Can a matrix stand in for a quantum gate?

Can a matrix stand in for a quantum gate?

Suffice it to say, for now, that we generally use a matrix to stand-in for a quantum gate. The size and outright fear-factor of the matrix will depend on the number of qubits it’s operating on. If there’s just one qubit to transform, the matrix will be nice and simple, just a 2 x 2 array with four elements.

How are qubits represented in a quantum logic gate?

Quantum logic gates are represented by unitary matrices. The number of qubits in the input and output of the gate must be equal; a gate which acts on n {displaystyle n} qubits is represented by a 2 n × 2 n {displaystyle 2^{n}times 2^{n}} unitary matrix.

Are there any universal gates in a quantum computer?

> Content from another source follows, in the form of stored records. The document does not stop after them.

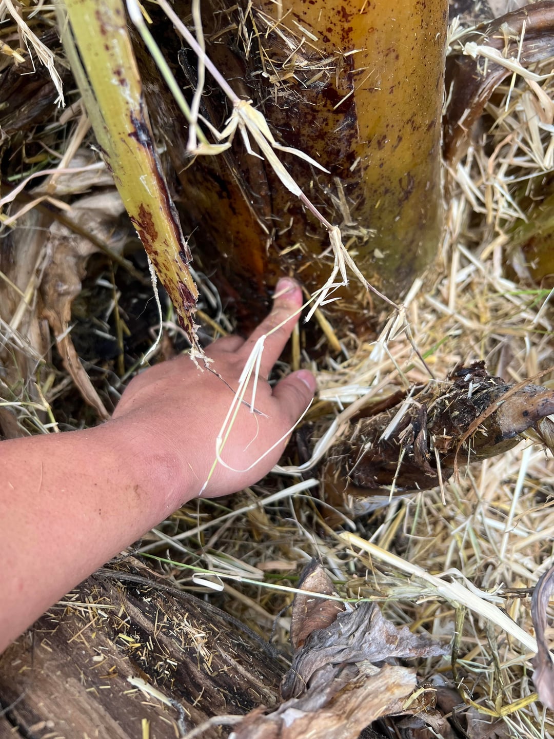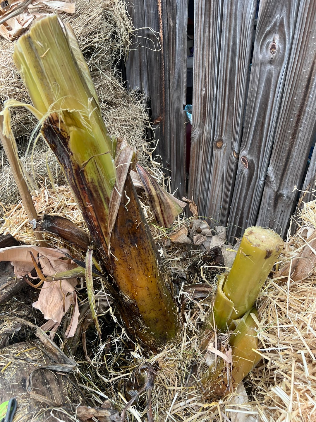 テキサス8Aダルズ。バナナの周りの干し草マルチを引き戻すことにしました。高さ3フィート、幅2フィートのマルチをプラスチックシートで覆います。触るとしっかりしていて、ベビーコーンは上部にダメージがあったものが2個ありますが、根元は硬いです。 2年目の2026年には実を結ぶことを期待しています
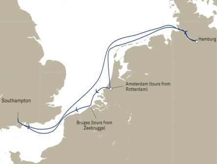 ハンブルグ、ロッテルダム、ブルージュ8日間クルーズ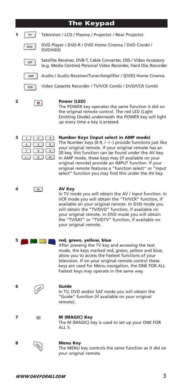 The M (MAGIC) key is used to set up your ONE FOR ALL 5.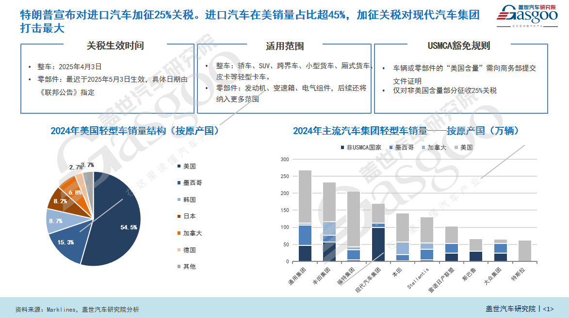 4月2日,特朗普政府正式确认,其对全球汽车及轻型卡车加征25%进口关税的政策将自美国东部时间4月3日起生效,随后25%的汽车零部件关税也将于5月3日之前实施。一石激起千层浪,这一关税政策的出台,在全球汽车市场引发了剧烈变动。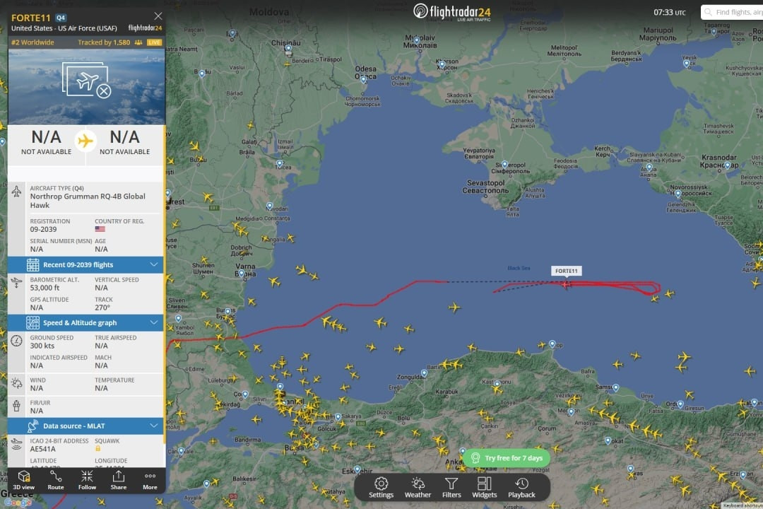 Phía Nga bày tỏ quan ngại trước việc UAV phương Tây thường xuyên hoạt động ở Biển Đen nhằm thu thập dữ liệu tình báo để chuyển cho quân đội Ukraine, phục vụ các cuộc tấn công nhắm vào lực lượng và hạ tầng của Nga. Quân đội Nga nhiều lần triển khai tiêm kích chặn trinh sát cơ và UAV phương Tây bay gần biên giới nước này.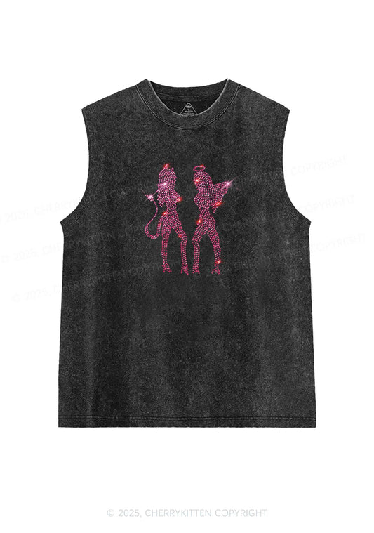 Rhinestone Dancing Girls Y2K Washed Muscle Tank Cherrykitten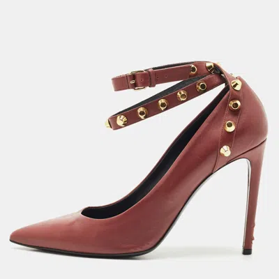 Pre-owned Burgundy Leather Studded Pointed Toe Ankle Wrap Pumps Size 40
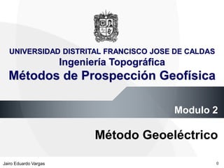 Este documento presenta información sobre el método geoeléctrico para la prospección geofísica. Explica conceptos clave como resistividad, corriente eléctrica, voltaje y la ley de Ohm. También describe los métodos de Wenner y Schlumberger para medir la resistividad del suelo, que es útil para inferir la composición del subsuelo. El objetivo es definir las bases teóricas del método geoeléctrico y realizar un ejemplo práctico de un sondeo eléctrico vertical.

There also exists a single two-qubit gate sufficient for universality, given it can be applied to any pairs of qubits on a circuit of width . Another set of universal quantum gates consists of the Ising gate and the phase-shift gate. These are the set of gates natively available in some trapped-ion quantum computers.

How is a ket vector used in a quantum gate?

And they look the part. Here’s a ket vector: |u>, where u represents the values in the vector. For starters, we’ll use two kets, |0> and |1>, which will stand-in for qubits in the form of electrons in the spin-up ( |0>) and spin-down ( |1>) states. These vectors can span any number of numbers, so to speak.

How to build a gate from a matrix on Qiskit?

You can’t directly build a gate from arbitrary matrices because custom gates need to be implemented using the build-in gates. You have to decompose your matrix to known gates. Decompose a two-qubit gate over CNOT + SU (2) using the KAK decomposition. Based on MATLAB implementation by David Gosset.

How are quantum gates related to quantum computing?

Like everything in quantum computing, not to mention quantum mechanics, quantum gates are shrouded in an unfamiliar fog of jargon and matrix mathematics that reflects the quantum mystery. My goal in this post is to peel off a few layers of that mystery.

Can a quantum matrix be described as a unitary matrix?

Any quantum gate can be described as a unitary matrix acting on a vector representing the current state of a quantum computer. Applying multiple gates multiplies state by a matrix which is matrix product of matrices for individual gates. Therefore, any sequence of quantum gates can be described by a unitary matrix.

Can a quantum gate be inverted by another quantum gate?

On the other hand, unitary quantum gates arealways invertible, since the inverse of a unitary matrix is also a unitary matrix, and thus a quantum gate can always be inverted by another quantum gate. Understanding how to do classical logic in thisreversible or invertible sense will be a crucial step in understanding how to harness the power of

How are quantum gates similar to logic gates?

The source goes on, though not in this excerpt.